For HTRC Data Capsules:
HTRC Data Capsules. Accessed February 16, 2022. https://analytics.hathitrust.org/capsules.
What happened to...?
Q: What happened to the Workset Builder?
A: As HTRC upgrades its services and builds a new Workset Builder, the retired Workset Builder has been taken offline. The new system of creating a collection in the HathiTrust Digital Library better aligns workset-building with the HathiTrust and offers improved search and selection.
Q: What happened to the HTRC Solr Proxy API?
A: As the HTRC moves to update and improve its search and workset-building services, the Solr Proxy API has been retired. For now, you can search for HathiTrust volumes via the HathiTrust Digital Library interface. Look for improved functionality in the near future, and please reach out with your workset-building scenarios that require additional search functionality.
Q: What happened to the HTRC Sandbox?
A: The HTRC Sandbox, which was a space for testing and experimentation in the early days of the project, has been rolled into our production services available here:
- HTRC Analytics: a set of tools for assembling collections of digitized text and performing text analysis on them.

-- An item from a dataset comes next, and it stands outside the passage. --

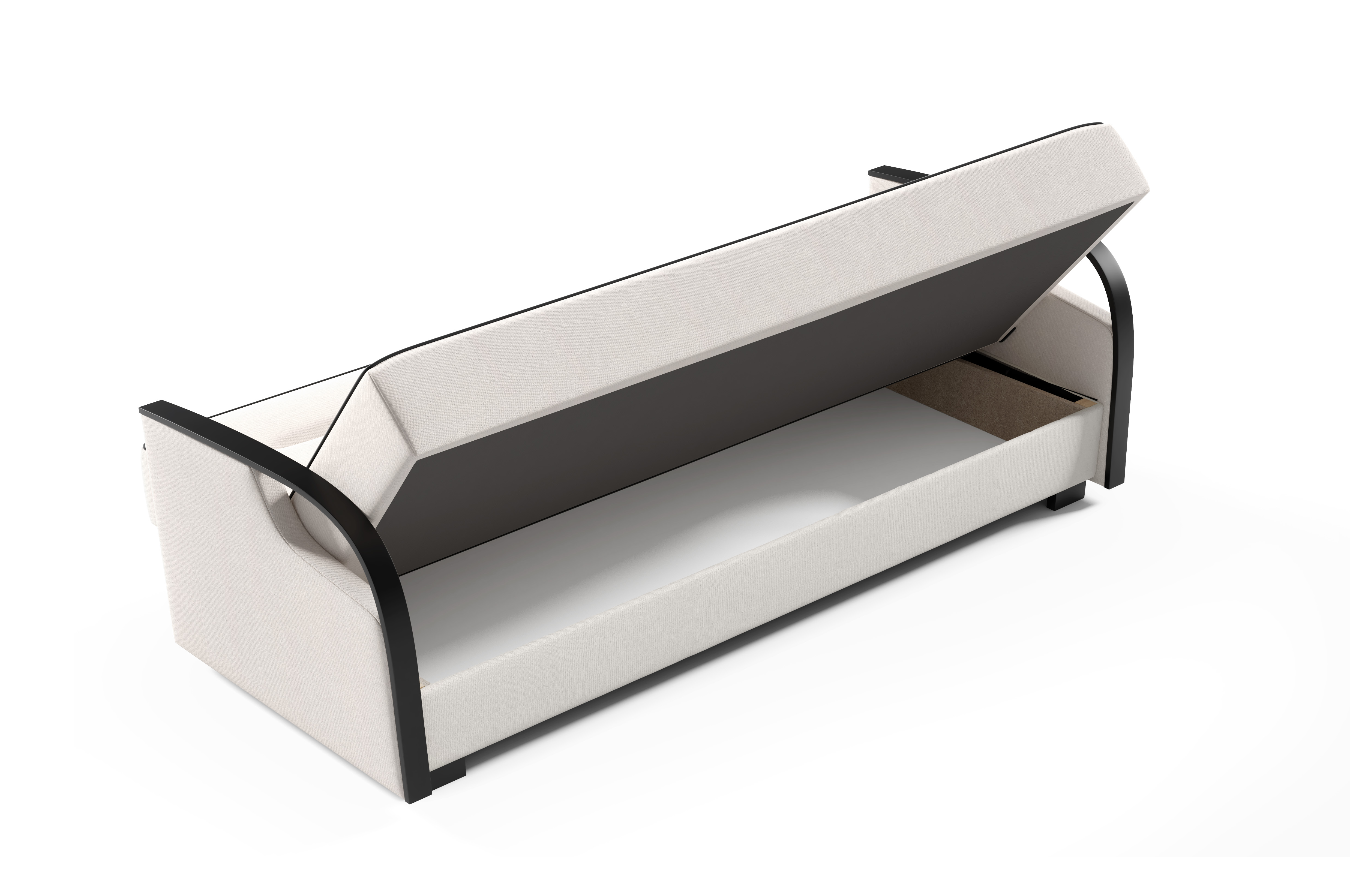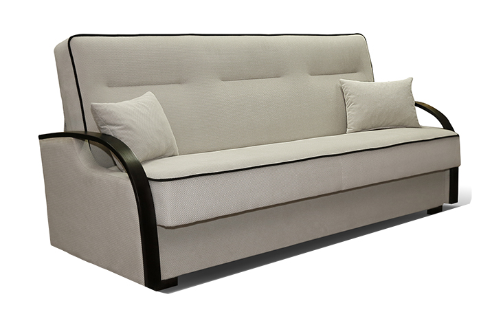 Korpus pohovky, soustružené dřevěné nožky, spojovací materiál a montážní návod.

- HTRC Data Capsule: for use of the production-level HTRC Data API
User Accounts and Sign-in
Q: Why isn’t my institution listed on HTRC’s sign-in dropdown menu?
A: As of 2022, HTRC Analytics has updated its sign-in process so that users who have email addresses associated with any HathiTrust member institution or the identity management platform CILogon have the opportunity to login with their institutional username and password, rather than using separate HTRC credentials.

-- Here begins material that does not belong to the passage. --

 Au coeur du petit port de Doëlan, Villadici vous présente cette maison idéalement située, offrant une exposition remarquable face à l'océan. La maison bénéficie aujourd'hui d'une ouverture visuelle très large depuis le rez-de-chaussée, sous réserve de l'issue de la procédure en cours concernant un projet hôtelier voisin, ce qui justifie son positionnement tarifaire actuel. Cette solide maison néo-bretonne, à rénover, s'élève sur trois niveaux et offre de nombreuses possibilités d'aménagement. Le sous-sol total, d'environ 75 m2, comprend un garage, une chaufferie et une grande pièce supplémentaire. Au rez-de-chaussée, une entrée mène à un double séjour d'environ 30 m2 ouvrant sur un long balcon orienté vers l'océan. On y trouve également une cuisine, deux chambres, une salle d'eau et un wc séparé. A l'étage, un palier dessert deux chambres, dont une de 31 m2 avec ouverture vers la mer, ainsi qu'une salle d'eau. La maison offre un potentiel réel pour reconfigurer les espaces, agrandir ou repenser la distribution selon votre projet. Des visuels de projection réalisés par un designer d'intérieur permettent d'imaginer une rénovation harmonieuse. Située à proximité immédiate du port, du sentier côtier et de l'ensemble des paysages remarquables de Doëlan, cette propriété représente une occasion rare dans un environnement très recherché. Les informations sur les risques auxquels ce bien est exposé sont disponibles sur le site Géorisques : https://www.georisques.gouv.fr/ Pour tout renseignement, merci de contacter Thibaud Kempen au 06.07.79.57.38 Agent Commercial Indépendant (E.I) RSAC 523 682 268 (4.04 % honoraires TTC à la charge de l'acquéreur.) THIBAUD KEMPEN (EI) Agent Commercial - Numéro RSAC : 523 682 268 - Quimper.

Current and prospective HTRC Analytics users who are not associated with the two organizations listed above will need to continue logging in with separate HTRC credentials (please see Q: How do I create or access an HTRC account if my institution is not listed in the sign-in dropdown? for full details on what to do if your institution is not listed in the sign-in dropdown menu).
Q: How do I log into HTRC Analytics with my institutional credentials?
Q: I have a pre-existing account within the old sign-in system. How do I get access to my data from that account in the new system?
Q: How do I create an HTRC account and/or login if my institution is not listed in the sign-in dropdown?
HTRC Code and Infrastructure
Q: Can I see the code used to make HTRC tools and services operate?
A: Yes. All of the HTRC services code modules are open source and are available from GitHub: https://github.com/htrc.
Q: Where can I learn more about HTRC Data Capsules development project?
A: More information can be found in the pubic version of the final report of the project as well: http://hdl.handle.net/2022/19277
Q: To whom can I direct technical questions?
A: Please email HTRC support: htrc-help@hathitrust.org.
Get in touch!
Q: Where do I go for more information?
A: If you have not found what you are looking for in our documentation, you might find the material posted to our Publications and Presentations page useful for further reading.
You might also consider attending a workshop. You can find information on future workshops on our calendar.
Or you can ask for further assistance on our mailing lists. See below for more information about signing up.
Q: How do I report issues or give feedback?
A: We welcome your feedback! You can send an email to HTRC Support at htrc-help@hathitrust.org. We track support requests in using JIRA, and you can log-in to see your requests and our responses here: https://jira.htrc.illinois.edu/servicedesk/customer.
Q: How do I ask questions or start discussions with other users?
A: Please join the HTRC User Group mailing list.
- Subscribe here: https://list.indiana.edu/sympa/info/htrc-usergroup-l
- For questions that you want to discuss with us privately, please write to htrc-help@hathitrust.org, a list subscribed by HTRC internal staff only.
- All users are subscribed to a listserv called HTRC-Announce when they create an HTRC Analytics account. Only approved senders can send mail through this list.